Now the scenario you're shooting for here is:
10 people are now walking around the airport in full-face masks and gray coveralls. You think, "well now they DO NOT know if it's ME, or some terrorist, or some random other guy from HN!"
But really, they still have this super-specific fingerprint (there are still less than 1 person in a million with this disguise) and all they need is ONE identifying characteristic (you're taller than the other masked people, maybe) to know who's who.
They didn't need to adjust their system one bit.
Your analogy applies more to things like trying to anonymize your traffic with Tor, where using such an anonymizer flags your IP as doing something weird vs other users. I’m not convinced simply fuzzing the values would be detectable, assuming you pick values that other real users could pick.
Look for the guy wearing a conspicuously plain leather jacket and baseball cap. "Why hello there average looking stranger I've never met. Psss, 'tis a fair day, but it'll be lovelier this evening.'" "Oh ... it's Murphy the spy you want."
Also, found out the CIA declassified a bunch of jokes several years back in searching to respond. [1] Most are already dead links on CIA.gov, yet there's a few remaining. Nother one on people commenting on the CIA. [2] "These types are swin- Ask in Langley if they work for the CIA. Every- Ask in Langley. They will tells one knows them." 'You, it's the big building behind.'
[1] https://nationalpost.com/news/the-cia-has-declassified-a-bun...
[2] https://www.cia.gov/readingroom/document/cia-rdp75-00149r000...
These are professional networks with a ton of capital thrown behind them.

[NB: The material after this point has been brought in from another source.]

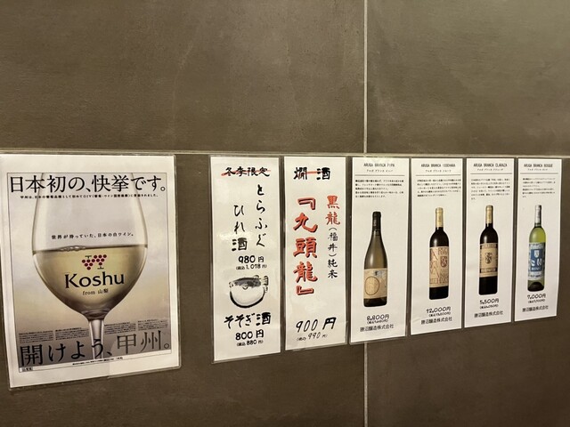 日本酒の種類も豊富でしかもワインの種類(特に国産)もそこそこあるので、旦那が和食、私が洋食とワインが飲みたい時はここで決まりですが、アクセス的に頻繁に伺える場所ではないのが少し残念です。
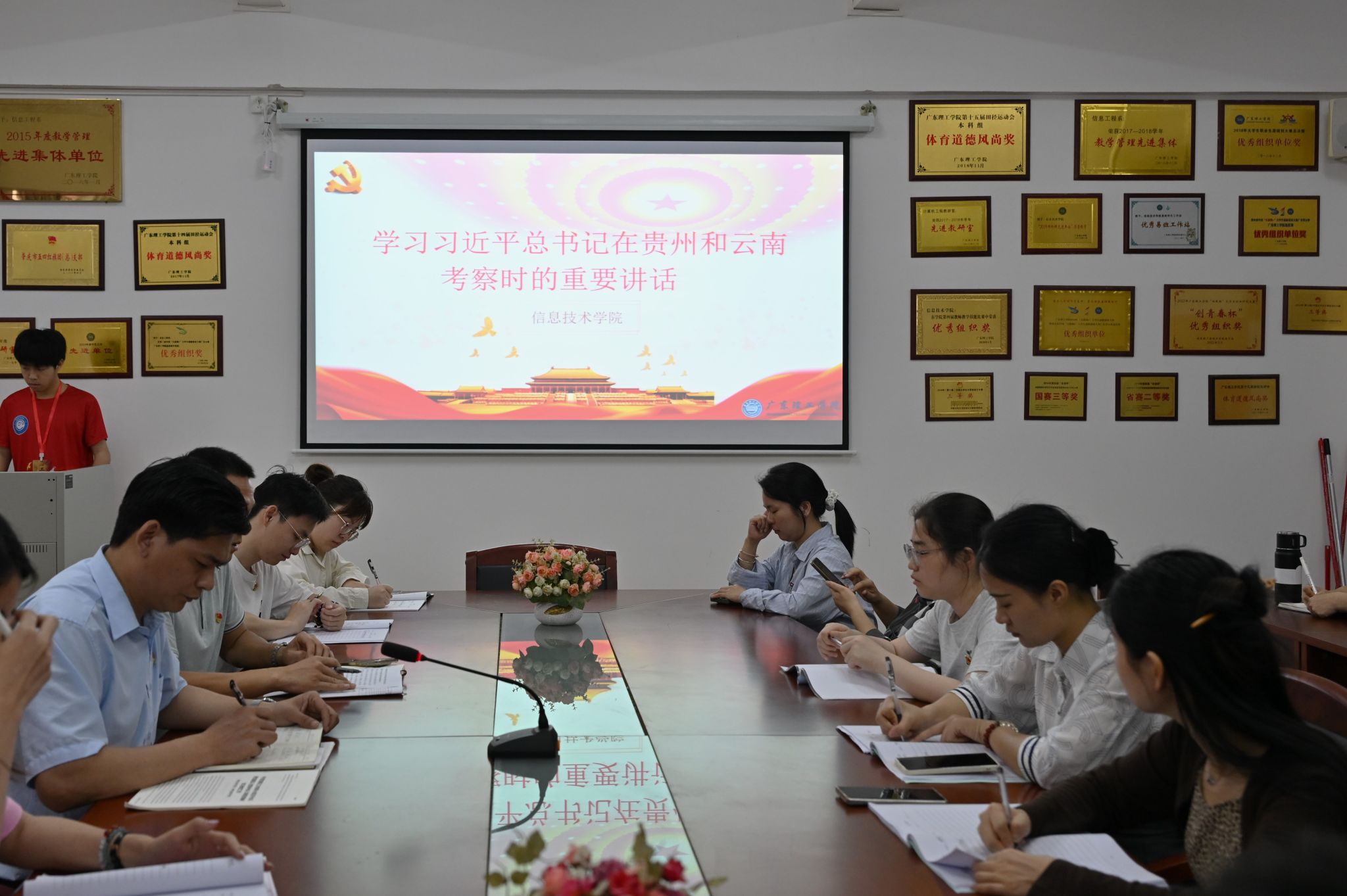 本网讯(太阳网集团tcy8722 郑铠涛)为深入贯彻中央八项规定精神,加强党的作风建设,提升教师党员队伍的政治素养和工作能力。太阳网集团tcy8722于2025年4月25日在振华楼203室召开习近平总书记在贵州和云南考察时的重要讲话学习会。本次会议由太阳网集团tcy8722党委组织委员兼学生第三党支部书记胡娇铃主持,学院党委书记钟兆天,学院党委委员、各支部书记以及各支部委员参与本次会议。

They have pretty decent algorithms, heuristics, etc; and you don't make money (compared to the other data correlation teams) if you do simple dumb stuff. I'm certain they take into account those trying to be privacy-conscious, if only to increase their match rates to be competitive.
We all did and yet here we are.
It's important to point out that it takes a long time for uptake of new versions of ad SDKs. The general assumption is that it takes about 6 months after release of a new version for 50% of ad traffic to come from that version or newer. Also, for every version you release, approximately 1% of traffic will never upgrade past that version.
In that kind of world, over-collecting data makes sense, especially if you think nobody will ever find out. Like total / and free disk space. There's no good reason to need those, right? But let's say an advertiser comes to you and says "we want to spend $1M / day to advertise our 10GB game, but only to devices that could install it." All of a sudden it's useful to know that a device only has 8GB of disk space, or only 100MB of free space.
So OK, if we didn't collect disk space, now it makes sense to collect disk space. Let's add it to the SDK. It takes a month or two to release a new version of the SDK. 3 months to get any meaningful traffic from it, and another 3 months to get up to 50% of your traffic. Assuming the ramps are linear, 4 months of 0%, and then 3 months of ramping to 50%, 30 days per month, you'll make $22.5M in the first 7 months. But if you had the logic in there to begin with, you'd have made $210M during the same time period. That makes it an easy choice for the business folks.
There are answers to this, but they all have drawbacks. You could limit data that ad agencies can collect. This reduces the value of ads. And agencies have learned that some data (like location) is low-value and high-risk, so they're removing the ability to supply it. I think it'd be better to support a model where ad code can be updated independently of the app. This way we could push out bug fixes faster, and could remove our just-in-case collection, but Apple has no signs that this is coming soon, and Google's answer has been such a shit-show that we aren't considering it viable over the next 4 years.
Edit: To address screen brightness specifically, it's a very rough proxy for age of the user.
I don't want to call you a liar, but having seen ads that are presumably targeted at me, it feels like a total fiction to say that anyone is actually capable or interested in doing this.
I get advertisements for just absolute nonsense garbage that has no bearing on my life, and no bearing on anything that could have possibly been collected from my device.
The closest thing is that when I was in Mexico for a week, some of my podcast pre-roll ads were in Spanish. (Which, I should note, I do not speak fluently enough to even understand.) Even now, the occasional ad I'm served on a podcast is in Spanish.
And that's it. They saw that my IP came from Quintana Roo, and (somewhat reasonably) decided that I need to hear Spanish-language content. Even when I physically moved back to the United States.
Are there whales that spend $1m / day in advertising. Absolutely, 100%. Are they running at all times? No. We typically see that kind of spend from a single advertiser around 30 days out of the year. They're short campaigns, typically around a launch of a big title, and they always try to target as narrowly as they can to maximize their impact.
You're right about it using IP geo-location to guess where you are and what language you want. We also use that to determine if we should show you the GDPR disclosures. But try looking at ads on a Xiaomi phone versus a Samsung and you'll see a different set of ads, because one of those purchasers tends to have more disposable income.